Noninvasive assessment of ectopic uterine tissue development in rats using magnetic resonance imaging

• Published in: Fertility and sterility Vol. 88; no. 4; pp. 1058 - 1064
• Main Authors: Lenhard, Stephen C., M.S, Haimbach, Robin E., B.S, Sulpizio, Anthony C., B.S, Brooks, David P., Ph.D, Bray, Jeffrey D., Ph.D, Jucker, Beat M., Ph.D
• Format: Journal Article
• Language: English
• Published: United States Elsevier Inc 01.10.2007
• Subjects: Animals; Choristoma - diagnosis; Choristoma - physiopathology; ectopic uterine tissue; Endometriosis; Endometriosis - diagnosis; Endometriosis - physiopathology; estrous cycle; Estrous Cycle - physiology; Female; Internal Medicine; magnetic resonance imaging; Magnetic Resonance Imaging - methods; Obstetrics and Gynecology; Peritoneal Cavity; rat; Rats; Rats, Sprague-Dawley; Uterus; Endometriosis; magnetic resonance imaging; estrous cycle; ectopic uterine tissue; rat
• ISSN: 0015-0282; 1556-5653
• DOI: 10.1016/j.fertnstert.2006.11.164

Objective To non-invasively characterize ectopic uterine tissue (EUT) development in a modified autologous rat surgical model of endometriosis using magnetic resonance imaging (MRI). Design Investigational MRI study. Setting A pharmaceutical company. Animal(s) Female Sprague Dawley rats. Intervention(s) Uterine tissue was autotransplanted on the right peritoneal wall of rats. Rats were serially imaged after surgery and after endogenous hormone suppression, hormone supplementation, or ovariectomy. In addition, an MRI contrast agent was administered to examine EUT perfusion characteristics. Main Outcome Measure(s) Changes in transplanted EUT volume and perfusion were monitored using MRI. Result(s) The EUT growth could be readily monitored non-invasively by MRI. Although EUT growth was rapid during the initial 4 days after surgery, volume stabilized by the third week and maintained for at least 9 weeks after transplantation. The EUT volumes varied with the estrous cycle and were hormonally sensitive to ovariectomy, to Antide (GnRH antagonist), and to Antide followed by 17β-E2 supplementation.

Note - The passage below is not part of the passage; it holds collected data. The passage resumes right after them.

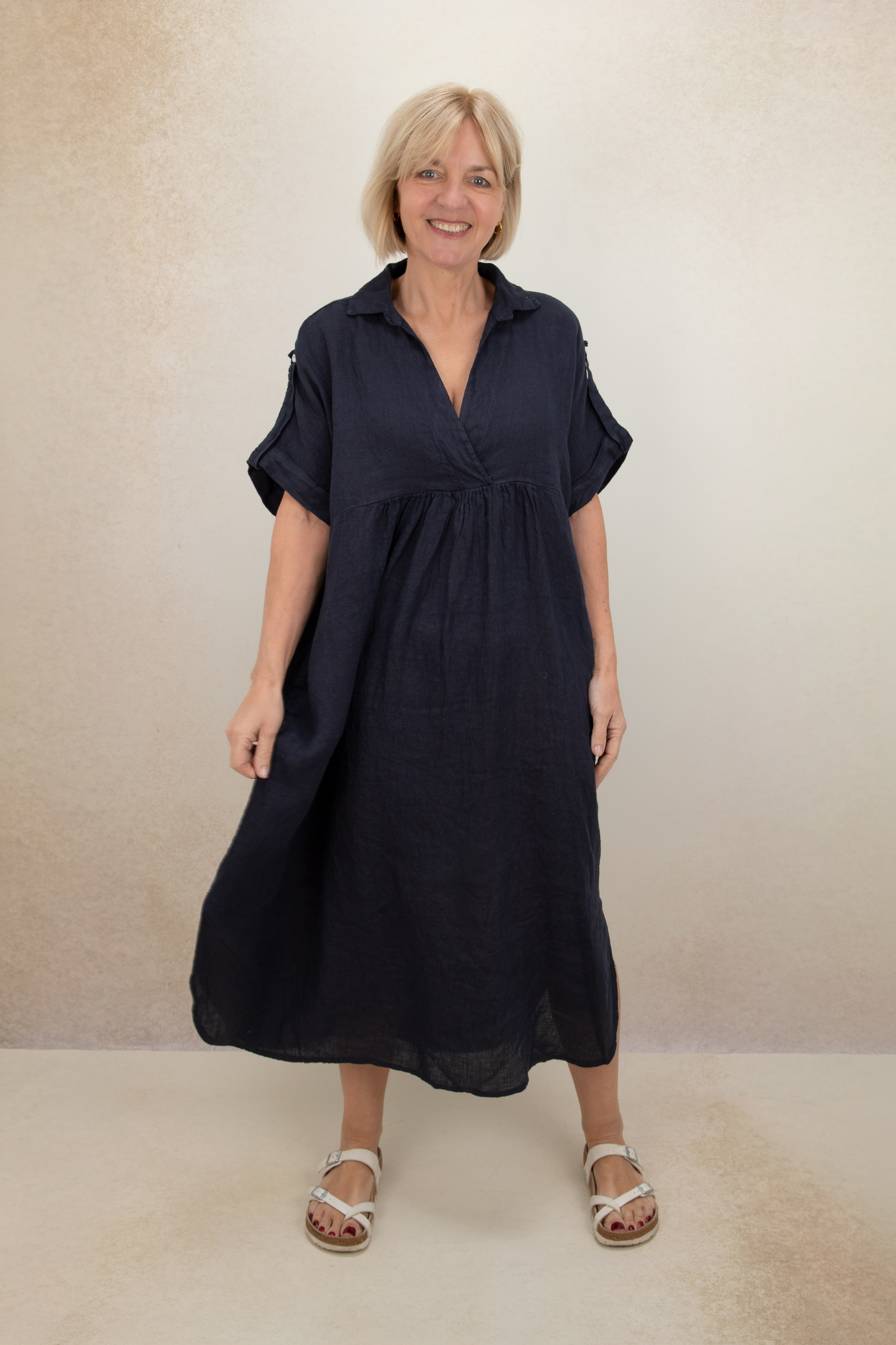 New for 2026, The Camile has an easy, relaxed fit, a flattering midi length, and a softly structured silhouette. Designed with a collared V-neckline, short rolled sleeves, and side pockets, it combines effortless style with everyday practicality. Side splits add movement and comfort, making it ideal for all-day wear. Crafted from 100% breathable linen, it will typically fit UK sizes 8–14. Perfect for warm weather, holidays, or casual days at home, pair with trainers or sandals for an easy, laid-back look.
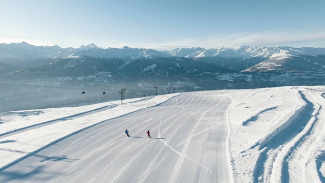 Anreise: Mit dem Zug bis Sierre. Von dort bringt Sie die historische Standseilbahn in rund 15 Minuten direkt in die Station, von wo aus kostenlose Shuttlebusse zu den wichtigsten Punkten fahren.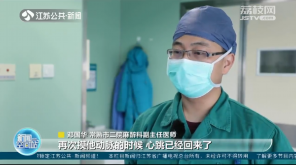 “再次摸他动脉的时候,心跳已经回来了,已经摸到动脉的搏动了,慢慢他眼睛也睁开了,整个心肺复苏持续了五到六分钟,按压次数在1000次以上。”邓国华说。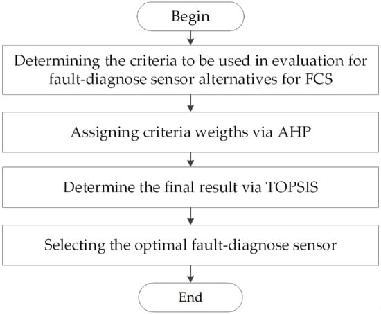 First of all, we should determine the criteria to be used in the evaluation of fault-diagnosis sensor alternatives. Here, the criteria should be defined by multidisciplinary knowledge (cost, efficiency, impact on the environment, safety, and so on). After that, we can assign criteria weights to the AHP method. Next, we can determine the final alternative evaluation result through the TOPSIS method.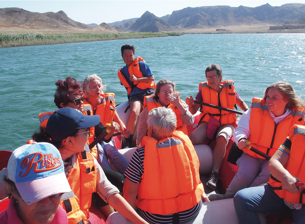 Вот и мы в своем автобусе везли небольшой надувной плот, вместивший, как оказалось позднее, всю нашу компанию из тринадцати человек. «Мы» – это участники экскурсии «Будды на Или» в урочище Тамгалы-Тас, которую в один из дней благодатного для Алматы бабьего лета – 23 сентября – организовала Казахстанская туристская ассоциация (КТА) совместно с Туристским информационно-методическим центром Казахской академии спорта и туризма для сотрудников туркомпаний южной столицы и всех желающих.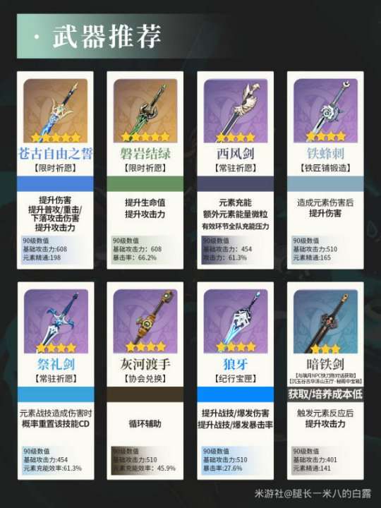 武器: 苍古,磐岩结绿,西风剑,铁蜂刺(锻造),祭礼剑,灰河渡手,狼牙(纪行),暗铁剑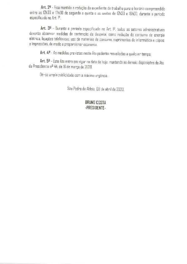 Em consonância com o que determina a Organização Mundial de Saúde (OMS), Ministério da Saúde e demais órgãos especializados e com o surgimento de novos casos de coronavírus (COVID-19) em São Pedro da Aldeia, a Câmara Municipal estendeu até o dia 22 de abril, a suspensão das atividades legislativas presenciais e acesso do público às dependências da Casa Legislativa, conforme Ato nº 48/2020.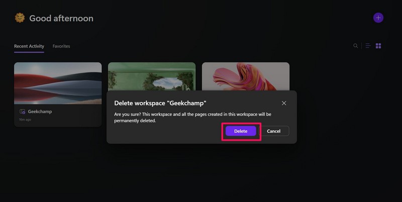 Een werkruimte verwijderen in Microsoft Loop: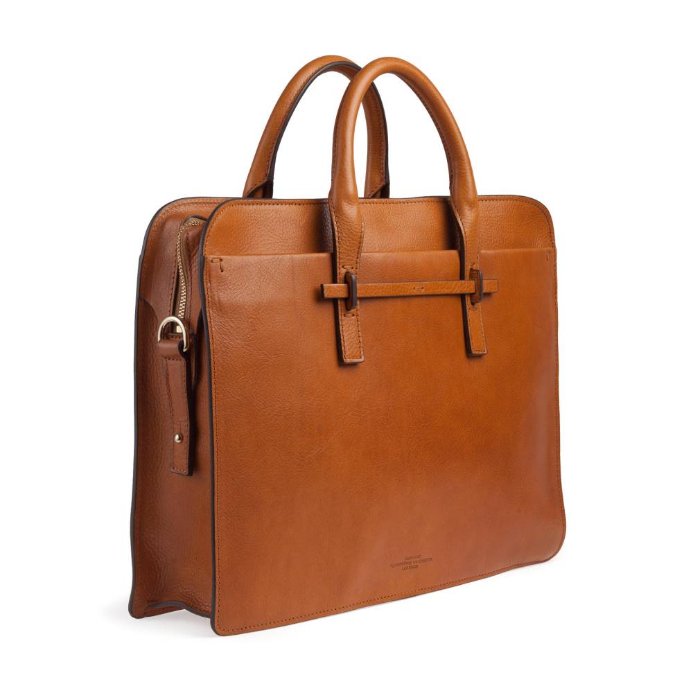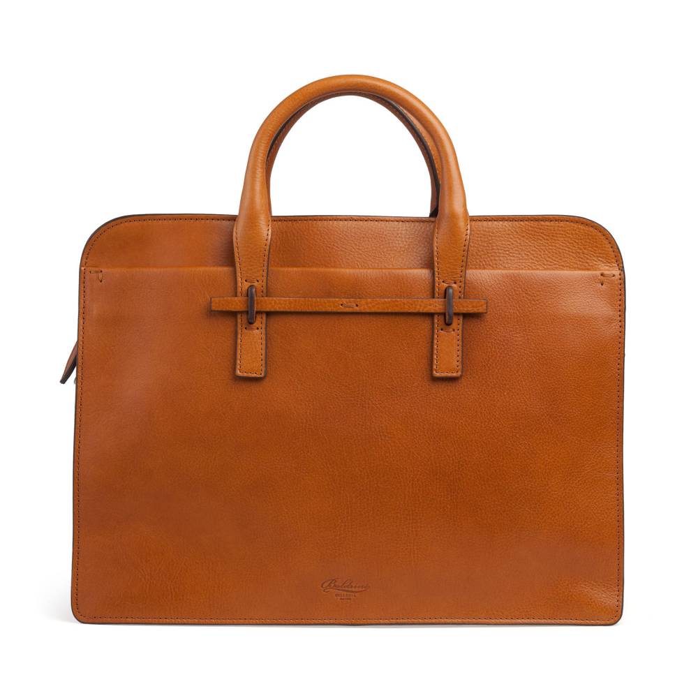 Вместительная сумка Boldrini Selleria на молнии. Выполнена из светло-коричневой натуральной кожи с зернистой фактурой. Строчка выполнена нитью в тон. Внутри одно отделение с карманами для ценных вещей, портмоне, телефона и визиток, а также секция для ноутбука с диагональю 15 дюймов; снаружи имеется два кармана для необходимых бумаг. Подкладка выполнена из высококачественного хлопкового текстиля бежевого цвета. Модель украшена небольшим тиснением в виде логотипа бренда. К сумке прилагается плечевой ремень. Подойдёт как для мужчин, так и для женщин.

The use of an MRI contrast agent facilitated visualization of EUT wall perfusion. Conclusion(s) MRI allows for noninvasive, dynamic evaluation of transplanted EUT growth in the rat. This reproducible model will allow for performing quantifiable pharmacologic studies in pre-clinical drug discovery for therapies targeting endometriosis.